▸ YOUR GOAL
The line that contains "Two young women" marks the start. Please set it down, with every later line of the data, exactly and without pictures.

▸ RECORDS
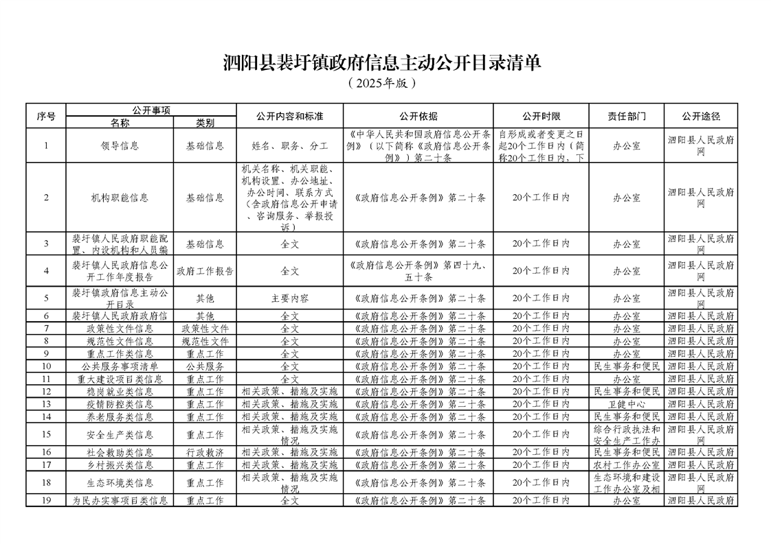 泗陽縣裴圩鎮政府信息主動公開目錄清單(2025年版)
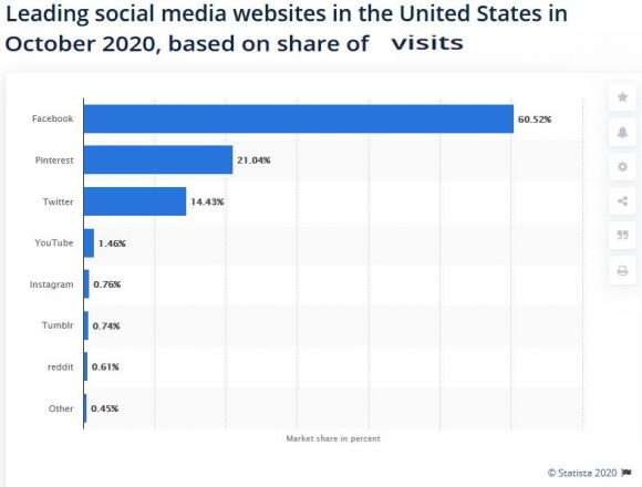 Вижте долу водещите уебсайтове за социални медии в Съединените щати през октомври 2020 г. въз основа на дела на посещенията.
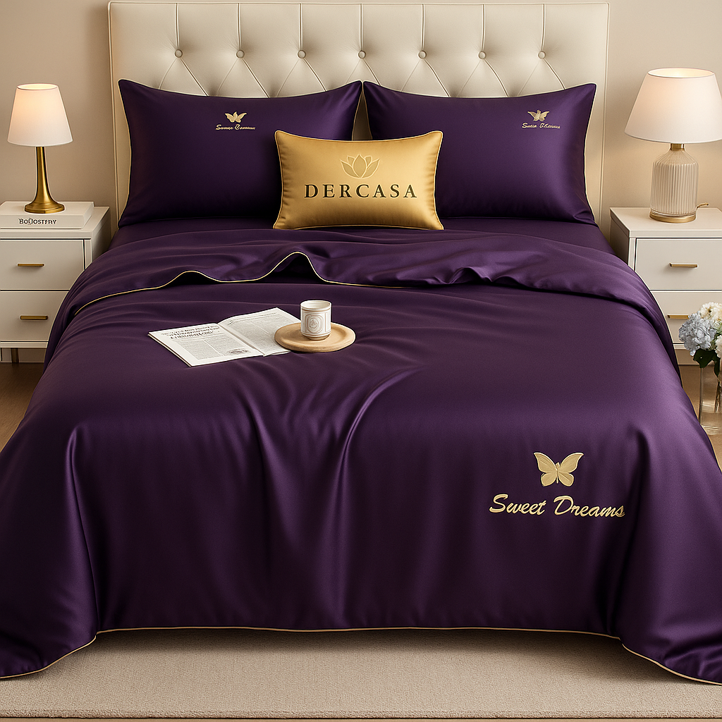 Set Luxury + pilotă ușoară inclusă din Mătase, 4 piese, pat dublu, Cod: FMT5
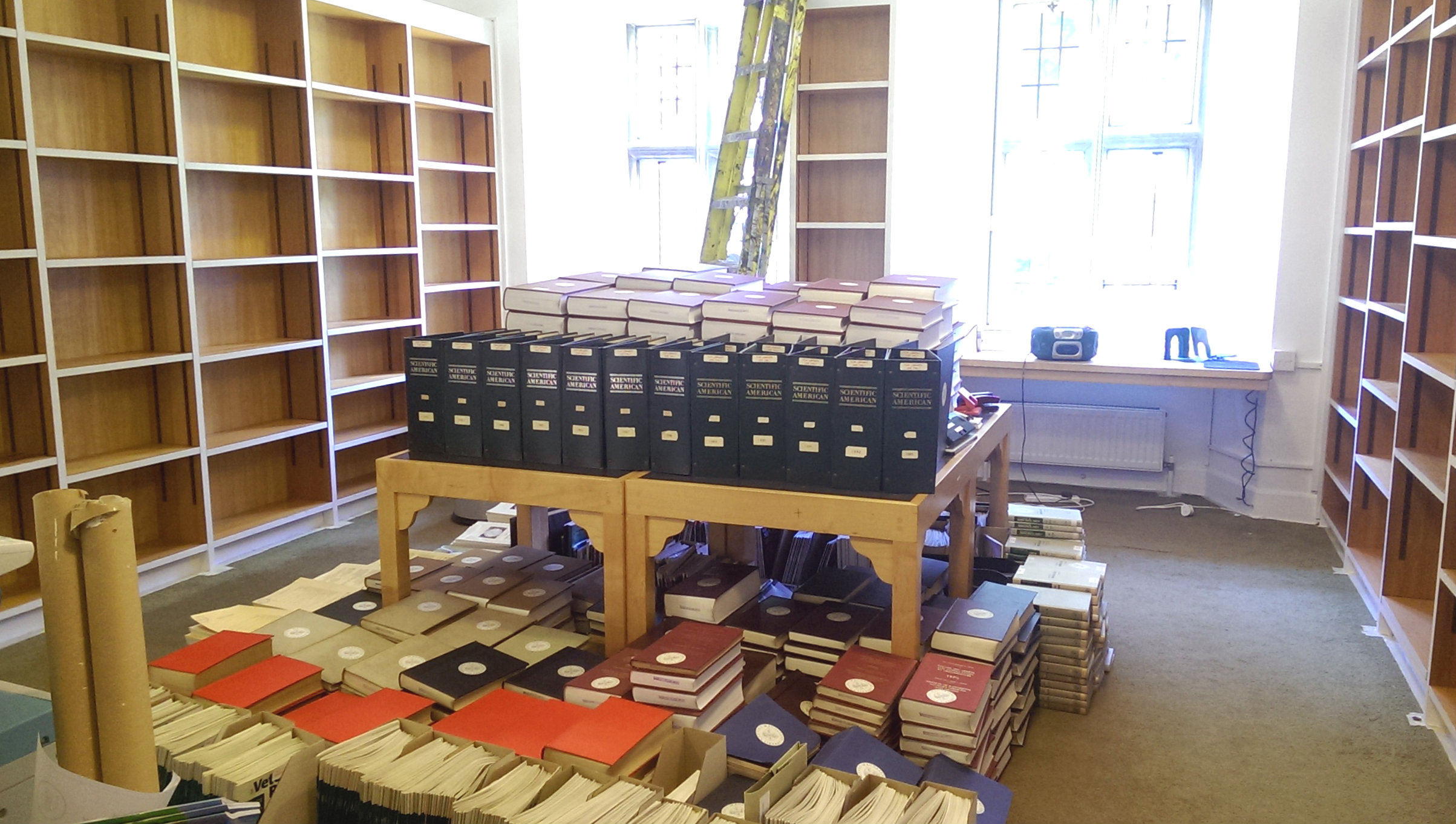 Now that the paint has dried, we are starting to get the books back onto the shelves, but we are taking the opportunity to reorganise the journals and reference books a bit, to make things easier to find. The reference sequence now starts on the shelves to the left as you enter the Benson Room with class R.A (encyclopedias), and the other reference classes now follow in alphabetical order around the room, with journals at the end in R.J (which continues into the Middle Room). We will be updating the library plans to reflect the changes, but please ask a member of staff if you are unsure where to find a book!
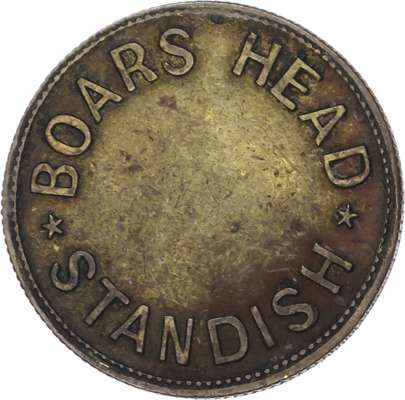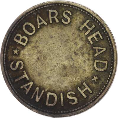 Lot of 5 coins - Lancs. Standish (Wigan), the Boars Head , no denom. uniface check, 22.5mm; 2d., 23.5mm. aVF, toned (2)...
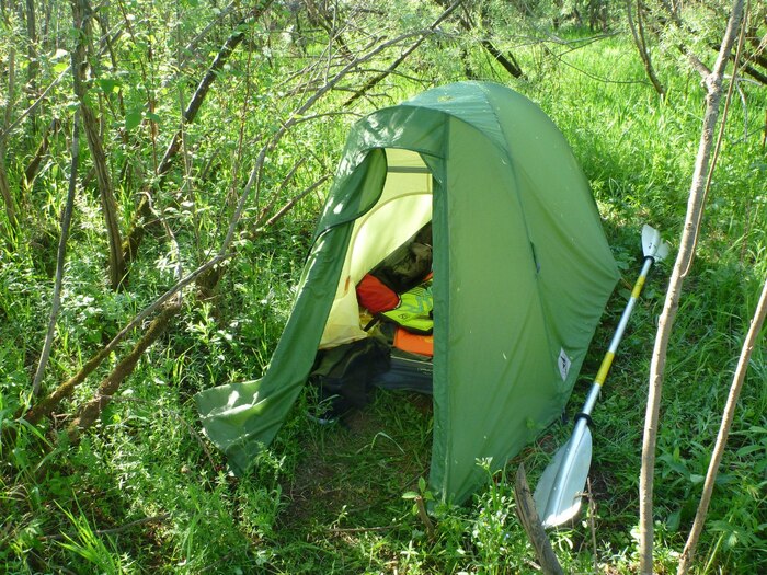 Двигаюсь еще с час, нахожу хорошее пустынное место, и заволакиваю лодку глубоко в кусты, там же ставлю палатку. Отчего-то хочется отгородится от мира. Где-то совсем рядом крякает утка. Ужинаю, сколько влезет и засыпаю. Ночью слышу как утка крякает возле палатки, затем у воды и наконец затыкается. Под утро прошел небольшой дождь, но песок быстро сохнет.
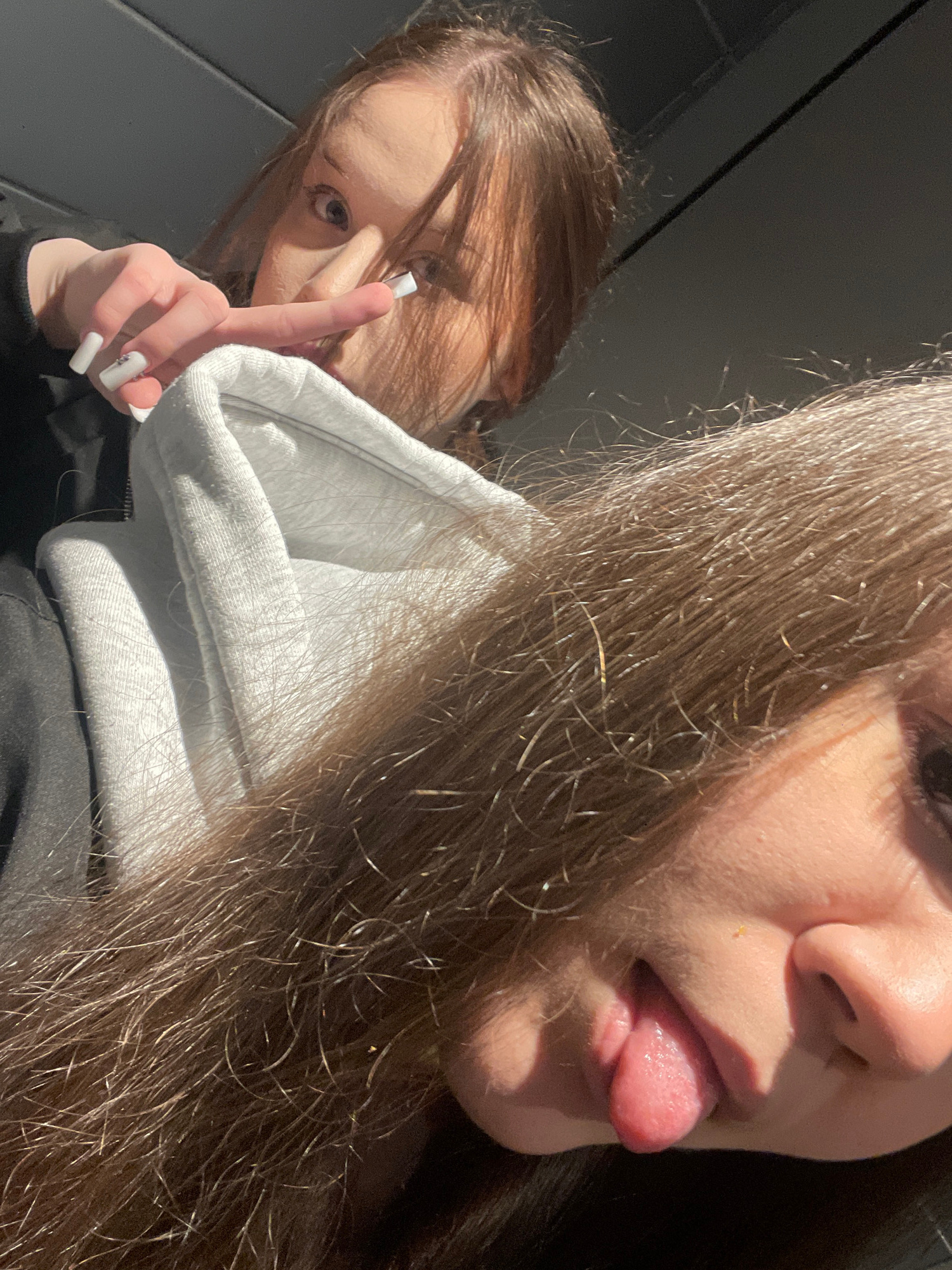 Two young women are pictured in what appears to be an indoor setting. The woman in the foreground is seen from the chest up, with her face turned to the right of the frame. She has long brown hair. He…read more
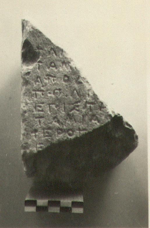 | Description: | Inscribed fragment. Left side preserved. Thirty-four letters remain. Pentelic marble. Cf. I 3320. | |
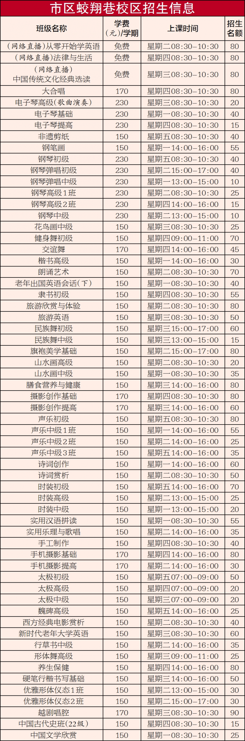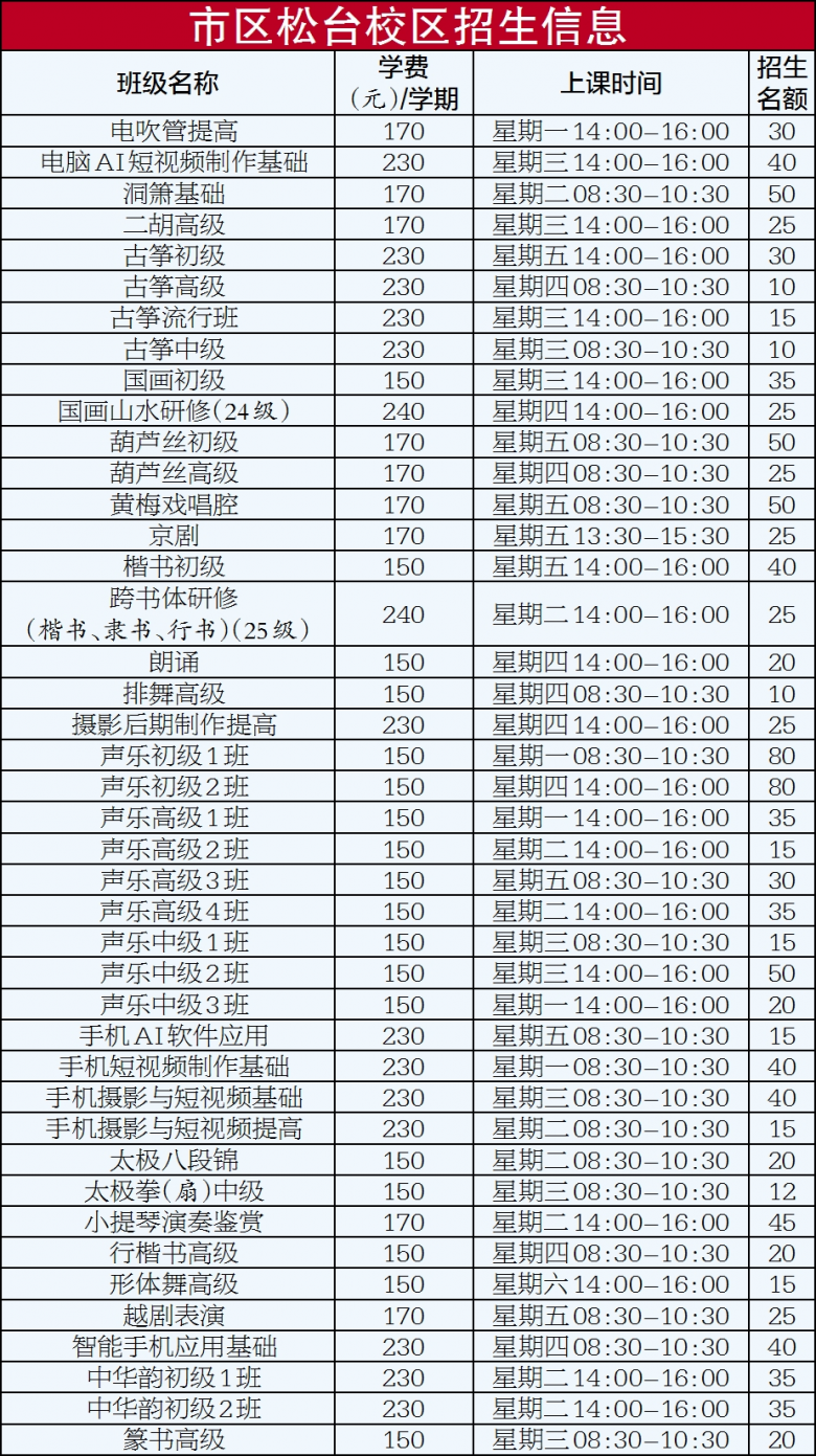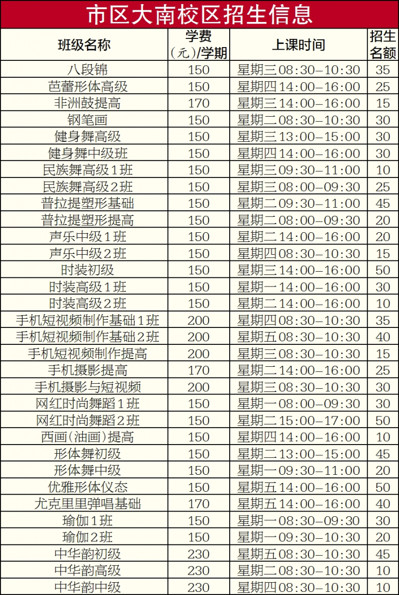 2.舞蹈、时装、摄影类、体育类课程,年龄限75周岁以下;时装课程一般要求女性身高1米60以上,男性身高1米70以上。
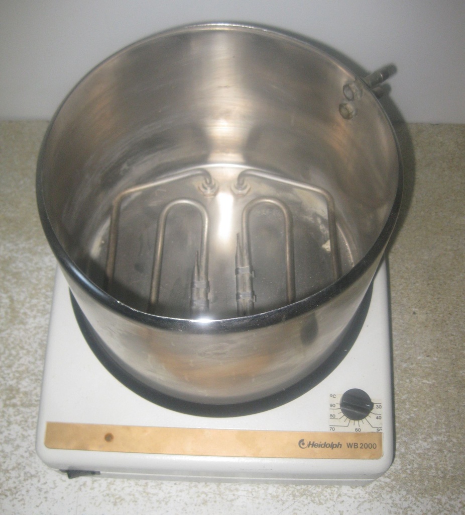 Een waterbad van Heidolph, specifiek voor het gebruik bij een filmverdamper. Vermogen 1kW. Regelbare temperatuur instelling tot 100 graden.

▸ COMPLETED EXERCISE
 Two young women are pictured in what appears to be an indoor setting. The woman in the foreground is seen from the chest up, with her face turned to the right of the frame. She has long brown hair. He…read more
 | Description: | Inscribed fragment. Left side preserved. Thirty-four letters remain. Pentelic marble. Cf. I 3320. | |
 2.舞蹈、时装、摄影类、体育类课程,年龄限75周岁以下;时装课程一般要求女性身高1米60以上,男性身高1米70以上。
 Een waterbad van Heidolph, specifiek voor het gebruik bij een filmverdamper. Vermogen 1kW. Regelbare temperatuur instelling tot 100 graden.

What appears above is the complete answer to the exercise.